3. Electronic lab notebooks: Electronic lab notebooks (ELNs) overcome many of the limitations of paper lab notebooks – they are searchable, cannot be damaged or misplaced, and are easy to back-up and share with collaborators. This section discusses available electronic lab notebooks and strategies for selecting the electronic lab notebook that meets the needs of an individual research team.
4. Preregistrations and protocol sharing: Scientific publications often lack essential details needed to reproduce the methods described. Preregistrations of planned research include details of the methods and tools that will be used in the project and provide transparency of the intended analyses and outcome. Protocol repositories allow researchers to share detailed, step-by-step protocols, which can be cited in scientific papers. Repositories also make it easy to track changes in protocols over time by incorporating version control, allowing researchers to post updated versions of protocols from their own lab, or adapted versions of protocols that were originally shared by other research groups. This section describes strategies for creating effective ‘living protocols’ that other research teams can easily locate, follow, cite and adapt.

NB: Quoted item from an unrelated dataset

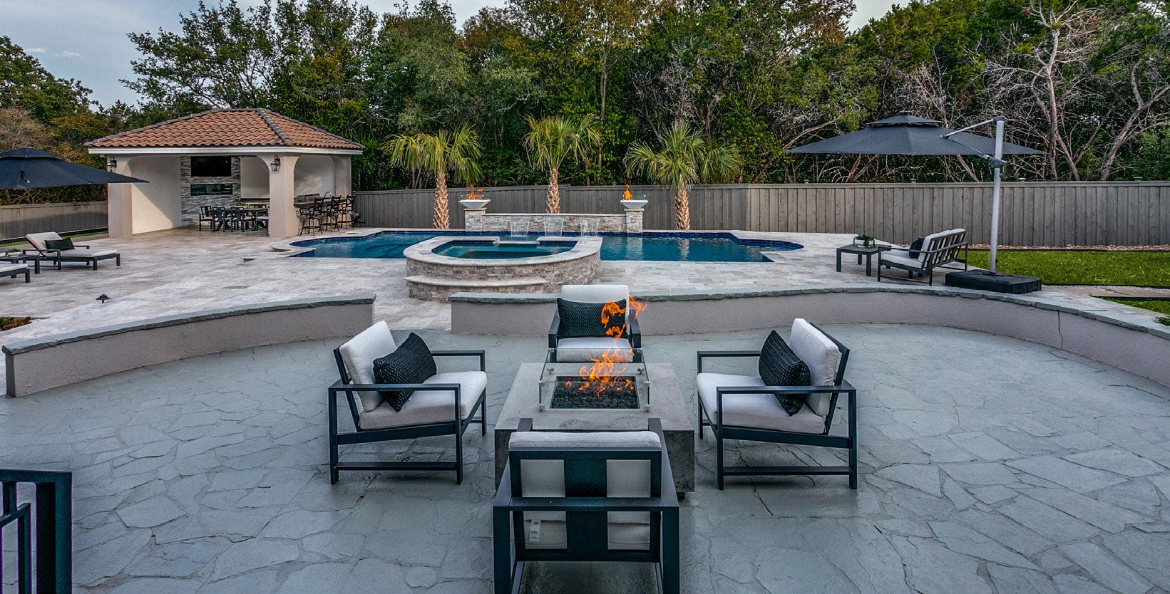 Outdoor grandeur is yours in which to revel with serene living spaces complete with a glistening pool, expansive covered patios and a glowing fireplace.

5. Biological material and reagent sharing: Laboratories regularly produce specialized materials and organisms, such as reagents, plasmids, seeds and organism strains. Access to these materials is essential to reproduce and expand upon published work. Repositories maintain reagents and biological materials deposited by scientists, and also make these materials accessible to the scientific community for a small or symbolic donation. Nonetheless, many laboratories do not use repository resources to share their materials, and thus limit their outreach and impact. This section introduces the concept of material repositories, which allow investigators access to materials without investing time and resources to recreate, maintain, verify and distribute their own or another researcher’s reagents.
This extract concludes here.